Бухгалтер Соломона Гейне, его доверенное лицо, Арон Гирш, получил приказ от своего шефа проводить Гарри из Гамбурга. По дороге, в коляске, Арон Гирш отечески упрекал Гарри за то, что он не сумел использовать обстоятельств и так легкомысленно прозевал блестящую карьеру, которая предстояла ему в деле всеми уважаемого и богатейшего дяди.
Гейне в ответ на это только похлопал его по плечу и сказал:
— Вы еще услышите обо мне, дорогой Гирш!
В УНИВЕРСИТЕТАХ
1
ПЯТОГО мая 1818 года один немецкий студент записал в своем дневнике: «Когда я размышляю, я часто думаю, что все же надо было бы набраться мужества и всадить меч в потроха Коцебу или какого-нибудь другого изменника».
Меньше чем через год, 23 марта 1819 года, этот студент — мистик и фанатик, мнивший себя немецким пламенным патриотом, Карл Людвиг Занд убил Коцебу, вонзив кинжал в его грудь.
Посредственный комедийный автор и откровенный русский шпион, Коцебу являлся, по определению Меринга, бесстыдным, но совершенно неопасным орудием русского царя, и самый факт убийства Коцебу не имел большого политического значения. Поступок Занда, вскоре казненного, развязал руки деспотической реакции, которая почувствовала угрозу себе даже в такой неорганизованной оппозиции, как студенческие землячества — буршеншафты. Началось преследование «патриотов-демагогов», то есть тех, кто является хоть сколько-нибудь ферментирующим началом в гуще студенческой молодежи.
В августе того же года были изданы пресловутые Карлсбадские постановления, с помощью которых на «законном основании» малейшее проявление свободолюбия бралось под подозрение и подвергалось немилосердным репрессиям.
Те патриотические стихи и песни, которые в эпоху освободительных войн распевались молодежью, теперь подвергались тщательной цензуре. Самое слово «свобода» вытравливалось из них. Профессор Боннского университета Эрнст Мориц Арндт, автор популярнейшей в эпоху освободительных войн песни: «Дайте кровь лозы мне благородной», подвергся преследованию по подозрению в «демагогстве» и был смещен с профессорской кафедры.
В сентябре в боннском доме Арндта был произведен обыск с изъятием множества бумаг и рукописей. В октябре того же года Гарри Гейне после недолгой домашней подготовки в Дюссельдорфе прибыл в Бонн и вступил в университет как студент юридических наук.
Это был лишь год назад открытый университет, вернее восстановленный прусским королем Вильгельмом III, после того как Наполеон закрыл этот университет.
В Бонне преподавали лучшие по тем временам профессора, и Гарри охотно посещал лекции по германской истории и истории литературы.
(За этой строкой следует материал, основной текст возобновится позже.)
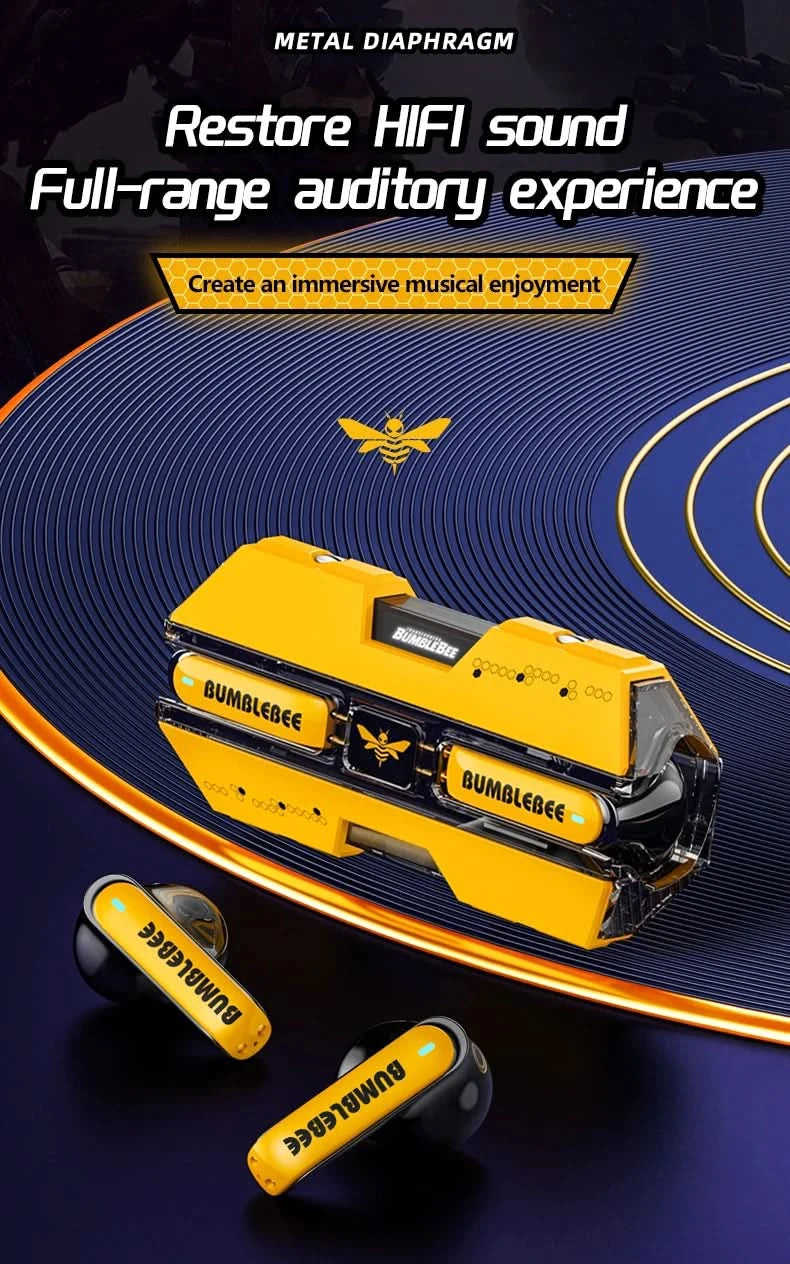 Ship From US Transformers TF-T01 Gaming Earphones Bluetooth 5.4 ENC Noise Reduction Headphones HD Call Music Earbuds Bumble Bee

Менее частым гостем бывал он на лекциях по юриспруденции, он не питал особенного пристрастия к тому, чтобы стать одним из тех «кухмистеров, которые так долго поворачивают во все стороны законы на вертеле, что при этом получаются кусочки жареного и для них».
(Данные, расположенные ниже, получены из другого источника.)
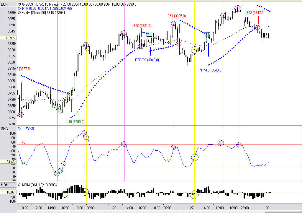 Im Kassa-DAX wird es aufgrund der verkürzten (unterschiedlichen) Handelszeiten zwangsläufig immer zu zeitlich unterschiedlichen Signalen in Bezug auf den FDAX kommen. Daher auch der unterschiedliche parabole Verlauf des PTP.

Вольфганг Менцель, тот самый, которому впоследствии суждено было сыграть гнуснейшую роль доносчика на школу «Молодой Германии», тогда состоявший председателем боннского буршеншафта, дает нам портрет Гейне, изображая его не в особенно привлекательном виде: «…это был маленький еврей Генрих Гейне, носивший длинный темно-зеленый сюртук до самых пят и золотые очки, которые делали его еще смешнее при его сказочной некрасивости и назойливости и из-за которых ему дали прозвище „очкастой лисы“. Но он был очень остроумен, и поэтому мы, старшие, защищали его от насмешников».